Order a fruit platter from OfficeServe to display and enjoy at an upcoming meeting. We’ll deliver a delightfully vibrant platter of whole fresh pieces of fruit including red and green apples, ripe pears, sweet satsumas (yep, those are Mandarin Oranges!), bananas, and seasonal red grapes.
Give a sentimental bonus (red envelope)
This doesn’t need to break the bank, in fact, this can be a symbolic chocolate coin. The point is to pass out a red envelope with a real or symbolic financial value for Chinese New Year. Many companies in Asia even give back money to customers in red envelopes on CNY. For example, a bus company might reimburse a nominal portion of the ticket just for good luck. Focus on the symbolic practice of giving red envelope rather than giving a sum of value. Whatever you do, don’t give £4 or 4 coins!

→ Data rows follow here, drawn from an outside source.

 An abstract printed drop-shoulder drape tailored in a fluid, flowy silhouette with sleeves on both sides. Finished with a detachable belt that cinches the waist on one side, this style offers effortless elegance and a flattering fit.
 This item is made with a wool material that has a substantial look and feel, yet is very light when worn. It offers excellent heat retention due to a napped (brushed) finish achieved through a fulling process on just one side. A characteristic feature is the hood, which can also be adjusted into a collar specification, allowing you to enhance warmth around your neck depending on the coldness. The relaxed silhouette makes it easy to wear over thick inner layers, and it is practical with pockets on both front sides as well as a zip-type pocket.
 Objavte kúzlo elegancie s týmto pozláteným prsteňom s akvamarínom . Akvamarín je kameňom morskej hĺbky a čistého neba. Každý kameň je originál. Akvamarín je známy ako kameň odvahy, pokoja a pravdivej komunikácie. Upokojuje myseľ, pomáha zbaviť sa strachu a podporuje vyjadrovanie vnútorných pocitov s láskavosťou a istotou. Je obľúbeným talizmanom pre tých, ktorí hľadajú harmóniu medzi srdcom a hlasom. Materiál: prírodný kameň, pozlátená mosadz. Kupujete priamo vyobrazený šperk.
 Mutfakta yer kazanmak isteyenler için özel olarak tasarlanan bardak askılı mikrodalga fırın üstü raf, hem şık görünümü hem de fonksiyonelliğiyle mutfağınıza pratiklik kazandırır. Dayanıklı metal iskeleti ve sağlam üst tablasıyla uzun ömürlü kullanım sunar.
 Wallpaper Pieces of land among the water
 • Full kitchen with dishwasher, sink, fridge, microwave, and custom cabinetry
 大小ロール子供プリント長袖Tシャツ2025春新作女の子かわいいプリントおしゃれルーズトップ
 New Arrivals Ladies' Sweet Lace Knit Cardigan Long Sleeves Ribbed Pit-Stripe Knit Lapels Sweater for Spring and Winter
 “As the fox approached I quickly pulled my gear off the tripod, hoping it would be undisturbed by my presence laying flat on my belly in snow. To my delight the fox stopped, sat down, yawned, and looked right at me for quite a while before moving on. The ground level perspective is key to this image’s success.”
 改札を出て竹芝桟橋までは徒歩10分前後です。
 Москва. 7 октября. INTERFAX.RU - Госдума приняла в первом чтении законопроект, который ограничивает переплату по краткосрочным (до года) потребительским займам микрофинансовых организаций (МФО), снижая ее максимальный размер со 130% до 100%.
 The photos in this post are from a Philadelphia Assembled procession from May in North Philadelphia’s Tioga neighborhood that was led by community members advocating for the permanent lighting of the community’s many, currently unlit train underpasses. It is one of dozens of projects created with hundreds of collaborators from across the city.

Team clean, remove that desk clutter
If the 1st of January 1st didn’t kick things off with that new year feeling, Chinese New Year is a second opportunity at a fresh start. So it’s in with the old, out with new all over again. “Sweeping the dust” represents a wish to put old things away, say goodbye to the past year and welcome positive change. Take this opportunity to clear off your desk and hit that recycling bin double time! Organise messy files, give your keyboard and screen an overdue dusting, and rid yourself of unnecessary desk clutter.
Decorate your office
Without being counterintuitive to the spring clean stage of Chinese New Year add some celebratory (and temporary) decorations to your office. This might be in the form of a Mandarin Orange tree or elegant Chinese Paper Cuttings to decorate the windows. Add festive colours of red and gold to the office or decorate yourself by wearing a red blazer or golden tie.
Whatever you do, remember that Chinese New Year is about celebrating together and eating good food. So gather your team and make sure there’s plenty of food!